*** PROVIDED DATA ***

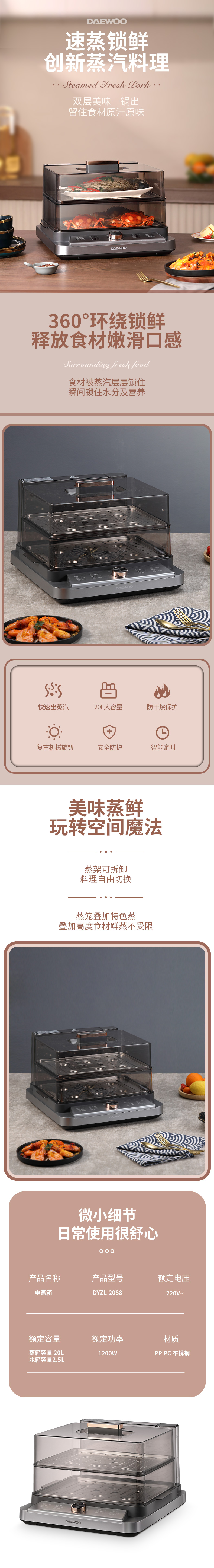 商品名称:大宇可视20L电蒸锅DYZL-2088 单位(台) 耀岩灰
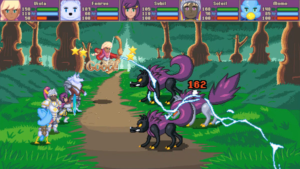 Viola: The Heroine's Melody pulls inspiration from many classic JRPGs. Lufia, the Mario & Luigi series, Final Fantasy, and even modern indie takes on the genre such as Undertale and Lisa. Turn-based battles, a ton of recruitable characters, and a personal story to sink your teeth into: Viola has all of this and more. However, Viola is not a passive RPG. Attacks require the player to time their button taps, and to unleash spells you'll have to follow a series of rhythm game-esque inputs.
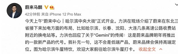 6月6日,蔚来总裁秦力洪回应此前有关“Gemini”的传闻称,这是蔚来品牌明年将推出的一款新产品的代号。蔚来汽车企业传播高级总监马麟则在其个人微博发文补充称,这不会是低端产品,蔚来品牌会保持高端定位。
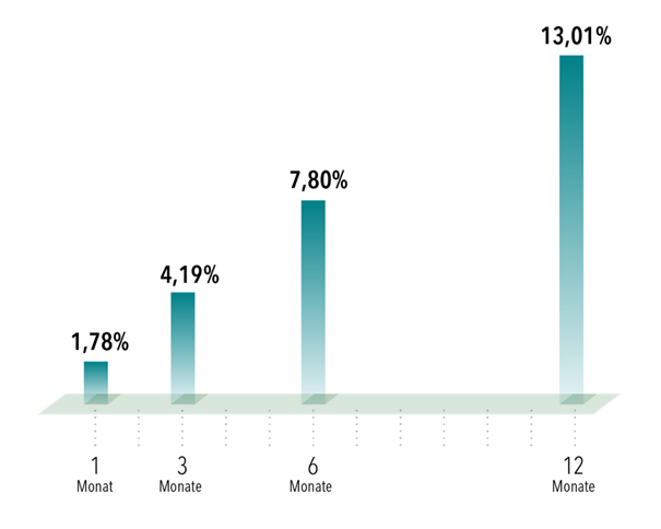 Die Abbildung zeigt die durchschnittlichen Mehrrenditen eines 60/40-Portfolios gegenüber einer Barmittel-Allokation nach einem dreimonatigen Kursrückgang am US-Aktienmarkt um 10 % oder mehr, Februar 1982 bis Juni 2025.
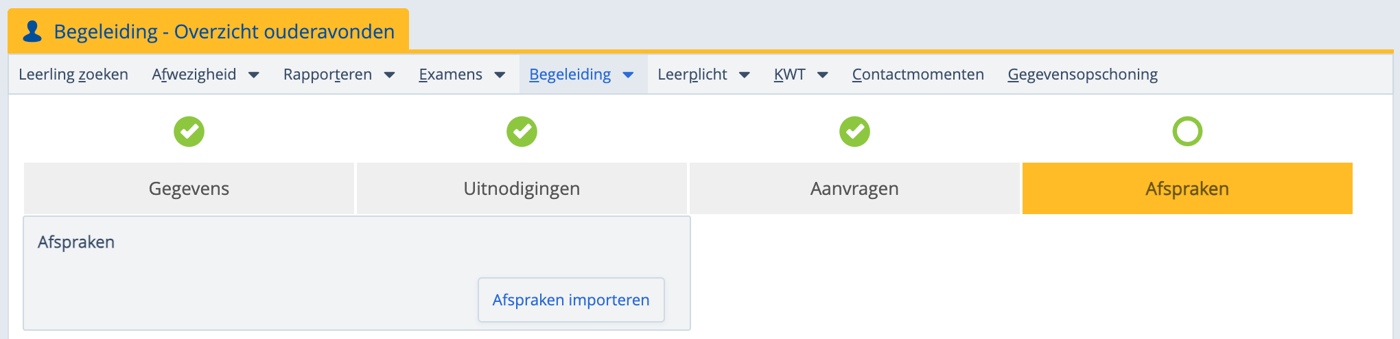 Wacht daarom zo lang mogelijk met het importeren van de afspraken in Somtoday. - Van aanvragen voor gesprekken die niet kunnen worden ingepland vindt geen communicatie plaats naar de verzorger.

***
*** PROVIDED DATA ***

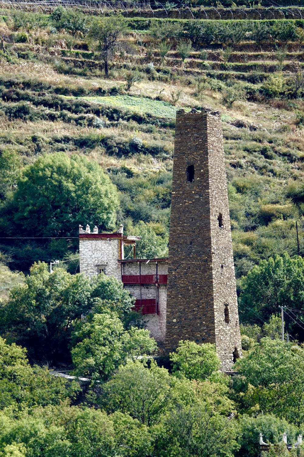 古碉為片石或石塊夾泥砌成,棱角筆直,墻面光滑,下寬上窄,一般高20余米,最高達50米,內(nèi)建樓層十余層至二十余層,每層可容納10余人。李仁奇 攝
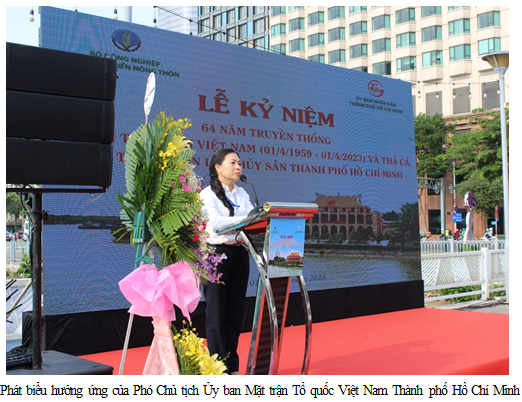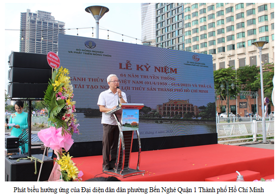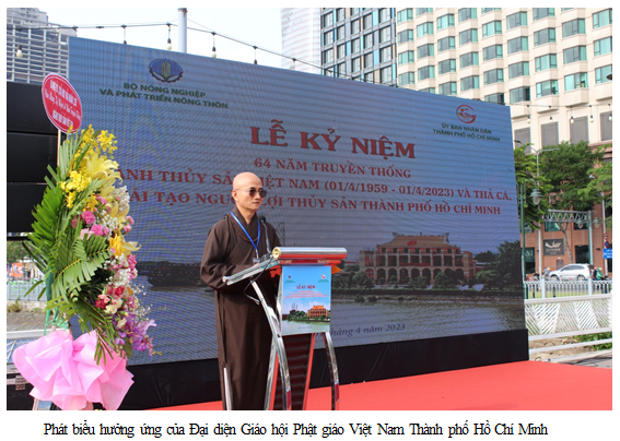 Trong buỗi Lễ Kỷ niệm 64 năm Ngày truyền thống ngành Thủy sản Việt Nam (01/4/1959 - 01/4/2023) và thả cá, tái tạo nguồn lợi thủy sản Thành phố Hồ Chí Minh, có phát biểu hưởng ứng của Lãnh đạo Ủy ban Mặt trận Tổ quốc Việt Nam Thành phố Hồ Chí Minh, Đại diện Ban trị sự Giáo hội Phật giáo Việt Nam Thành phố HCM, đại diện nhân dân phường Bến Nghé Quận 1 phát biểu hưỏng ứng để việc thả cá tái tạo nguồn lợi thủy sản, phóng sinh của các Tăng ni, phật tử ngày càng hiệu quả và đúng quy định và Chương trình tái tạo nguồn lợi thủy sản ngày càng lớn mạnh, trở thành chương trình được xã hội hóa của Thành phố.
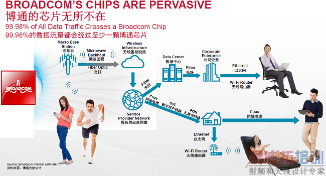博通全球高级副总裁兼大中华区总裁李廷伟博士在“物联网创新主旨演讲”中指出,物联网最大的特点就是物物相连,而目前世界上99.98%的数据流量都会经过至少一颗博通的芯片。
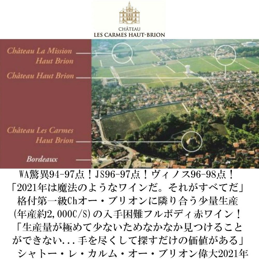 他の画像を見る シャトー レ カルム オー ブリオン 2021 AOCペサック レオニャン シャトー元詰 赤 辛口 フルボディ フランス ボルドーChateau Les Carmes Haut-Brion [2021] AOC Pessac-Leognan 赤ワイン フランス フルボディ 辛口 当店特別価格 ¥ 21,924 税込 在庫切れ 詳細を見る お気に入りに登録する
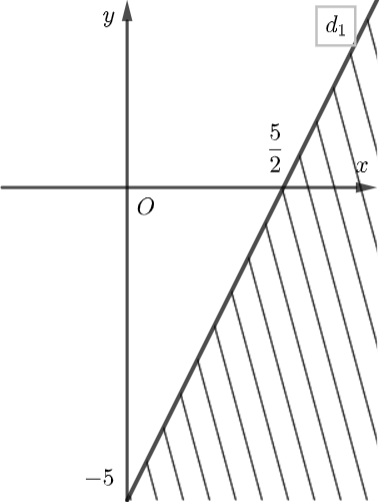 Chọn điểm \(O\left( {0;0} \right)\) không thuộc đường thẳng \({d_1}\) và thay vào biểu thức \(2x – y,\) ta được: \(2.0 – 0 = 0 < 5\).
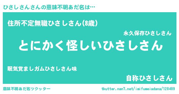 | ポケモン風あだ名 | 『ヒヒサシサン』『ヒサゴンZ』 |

***

### ASSIGNED TASK
Look above for the line containing "6月6日,蔚来总裁秦力洪回应", then copy exactly from it through the line containing "Wacht daarom zo", keeping both and leaving out pictures. Add nothing else.

### REPLY
 6月6日,蔚来总裁秦力洪回应此前有关“Gemini”的传闻称,这是蔚来品牌明年将推出的一款新产品的代号。蔚来汽车企业传播高级总监马麟则在其个人微博发文补充称,这不会是低端产品,蔚来品牌会保持高端定位。
 Die Abbildung zeigt die durchschnittlichen Mehrrenditen eines 60/40-Portfolios gegenüber einer Barmittel-Allokation nach einem dreimonatigen Kursrückgang am US-Aktienmarkt um 10 % oder mehr, Februar 1982 bis Juni 2025.
 Wacht daarom zo lang mogelijk met het importeren van de afspraken in Somtoday. - Van aanvragen voor gesprekken die niet kunnen worden ingepland vindt geen communicatie plaats naar de verzorger.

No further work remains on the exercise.